Using section formula show that the points $A\left( 2,-3,4 \right),B\left( -1,2,1 \right)$ and $C\left( 0,\dfrac{1}{3},2 \right)$ are collinear.

Answer 1

Points $A,B,C$ are collinear if point $C$ divides the line $AB$ in some ratio. This ratio can be found out using section formula.

Complete step-by-step answer:
Before proceeding with the question, we must know the section formula. Let us consider a line $AB$ with a point $C$ lying on it. Let us assume that point $C$ is dividing this line $AB$ in ratio of $m:n$.

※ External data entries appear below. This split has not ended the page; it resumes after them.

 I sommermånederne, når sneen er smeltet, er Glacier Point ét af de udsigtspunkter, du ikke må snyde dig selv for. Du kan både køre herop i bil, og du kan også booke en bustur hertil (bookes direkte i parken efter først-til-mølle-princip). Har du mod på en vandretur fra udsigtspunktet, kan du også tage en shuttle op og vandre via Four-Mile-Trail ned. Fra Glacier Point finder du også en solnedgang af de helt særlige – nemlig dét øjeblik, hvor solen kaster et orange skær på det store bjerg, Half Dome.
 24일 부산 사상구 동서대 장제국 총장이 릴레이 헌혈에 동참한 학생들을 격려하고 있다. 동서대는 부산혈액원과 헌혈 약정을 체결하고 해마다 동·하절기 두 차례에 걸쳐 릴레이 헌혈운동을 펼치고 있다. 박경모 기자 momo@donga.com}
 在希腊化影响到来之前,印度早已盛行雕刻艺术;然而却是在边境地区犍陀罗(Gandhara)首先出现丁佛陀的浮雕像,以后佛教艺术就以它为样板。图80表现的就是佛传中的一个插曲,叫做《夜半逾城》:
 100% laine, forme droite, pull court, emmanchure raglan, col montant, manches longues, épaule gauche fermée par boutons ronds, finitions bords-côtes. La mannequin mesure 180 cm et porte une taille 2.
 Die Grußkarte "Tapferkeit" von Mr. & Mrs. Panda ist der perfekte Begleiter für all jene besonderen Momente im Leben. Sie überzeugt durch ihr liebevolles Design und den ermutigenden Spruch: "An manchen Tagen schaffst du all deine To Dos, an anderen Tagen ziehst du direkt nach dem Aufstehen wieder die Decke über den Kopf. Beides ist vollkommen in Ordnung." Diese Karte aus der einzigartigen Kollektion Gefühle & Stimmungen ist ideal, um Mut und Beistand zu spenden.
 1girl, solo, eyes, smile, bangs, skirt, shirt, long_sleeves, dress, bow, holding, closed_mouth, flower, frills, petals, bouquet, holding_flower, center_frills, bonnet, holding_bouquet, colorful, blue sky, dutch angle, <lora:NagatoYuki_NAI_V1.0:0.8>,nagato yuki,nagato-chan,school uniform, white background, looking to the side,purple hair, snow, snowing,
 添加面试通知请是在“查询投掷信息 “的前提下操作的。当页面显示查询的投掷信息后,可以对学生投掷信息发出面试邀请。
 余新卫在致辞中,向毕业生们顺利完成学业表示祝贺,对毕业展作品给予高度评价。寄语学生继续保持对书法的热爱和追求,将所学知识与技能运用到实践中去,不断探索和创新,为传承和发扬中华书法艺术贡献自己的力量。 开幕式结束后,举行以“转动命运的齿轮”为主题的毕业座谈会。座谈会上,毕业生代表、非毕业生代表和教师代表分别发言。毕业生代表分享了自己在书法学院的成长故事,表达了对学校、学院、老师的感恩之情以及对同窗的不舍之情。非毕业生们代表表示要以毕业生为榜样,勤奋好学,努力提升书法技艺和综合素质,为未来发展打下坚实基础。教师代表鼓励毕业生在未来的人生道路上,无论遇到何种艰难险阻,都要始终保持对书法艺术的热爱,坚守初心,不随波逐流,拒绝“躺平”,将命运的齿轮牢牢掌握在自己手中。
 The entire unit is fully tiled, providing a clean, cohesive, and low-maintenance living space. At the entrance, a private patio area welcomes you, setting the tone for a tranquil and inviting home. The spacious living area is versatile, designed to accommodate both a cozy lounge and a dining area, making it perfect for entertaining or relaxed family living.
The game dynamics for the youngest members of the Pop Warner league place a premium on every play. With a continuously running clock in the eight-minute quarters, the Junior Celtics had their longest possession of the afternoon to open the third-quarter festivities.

If the coordinates of $A$ is $\left( x',y',z' \right)$ and the coordinates of $B$ is $\left( x'',y'',z'' \right)$, then, from the section formula, the coordinates of $C$ are,
$\left( \dfrac{mx''+nx'}{m+n},\dfrac{my''+ny'}{m+n},\dfrac{mz''+nz'}{m+n} \right)................\left( 1 \right)$
In this question, we have to prove that point $A\left( 2,-3,4 \right),B\left( -1,2,1 \right)$ and $C\left( 0,\dfrac{1}{3},2 \right)$ are collinear. Points $A,B,C$ can be said to be collinear if point $C$ divides the line $AB$ in some ratio. Let us assume that point $C$ divides the line $AB$ in a ratio $k:1$.

From the section formula, we can find the value of $k$. Using section formula in equation $\left( 1 \right)$, finding the $x,y,z$ coordinates of the point $C$individually, we get,
$i)$ $x$ coordinate of point $C$ = $\left( \dfrac{\left( k \right)\left( -1 \right)+\left( 1 \right)\left( 2 \right)}{k+1} \right)$
$\begin{aligned} & \Rightarrow 0=\dfrac{-k+2}{k+1} \\\ & \Rightarrow -k+2=0 \\\ & \Rightarrow k=2 \\\ \end{aligned}$
$ii)$ $y$ coordinate of point $C$ =$\left( \dfrac{k\left( 2 \right)+\left( 1 \right)\left( -3 \right)}{k+1} \right)$
$\begin{aligned} & \Rightarrow \dfrac{1}{3}=\dfrac{2k-3}{k+1} \\\ & \Rightarrow k+1=6k-9 \\\ & \Rightarrow 5k=10 \\\ & \Rightarrow k=2 \\\ \end{aligned}$
$iii)$ $z$ coordinate of point $C$ = $\left( \dfrac{k\left( 1 \right)+\left( 1 \right)\left( 4 \right)}{k+1} \right)$
$\begin{aligned} & \Rightarrow 2=\dfrac{k+4}{k+1} \\\ & \Rightarrow 2k+2=k+4 \\\ & \Rightarrow k=2 \\\ \end{aligned}$
Using section formula, we calculated the value of $k$ from $x,y,z$ coordinates individually in $\left( i \right),\left( ii \right),\left( iii \right)$. In every of the above case $\left( i \right),\left( ii \right),\left( iii \right)$, we get the same value of $k$. Since we got a unique value of $k$ in all these cases, we can say that point $C$ divides the line $AB$ in ratio of $2:1$. This also means that point $C$ lies on the line $AB$. Hence, we can say that points $A,B,C$ are collinear.
Hence, we can say that $A,B,C$ are collinear.

Note: If we get different values of $k$ from equation obtained in $x,y,z$ coordinates in the section formula, we can say that the point $C$ does not lie on the line $AB$ and hence, we can say that $A,B,C$ are not collinear.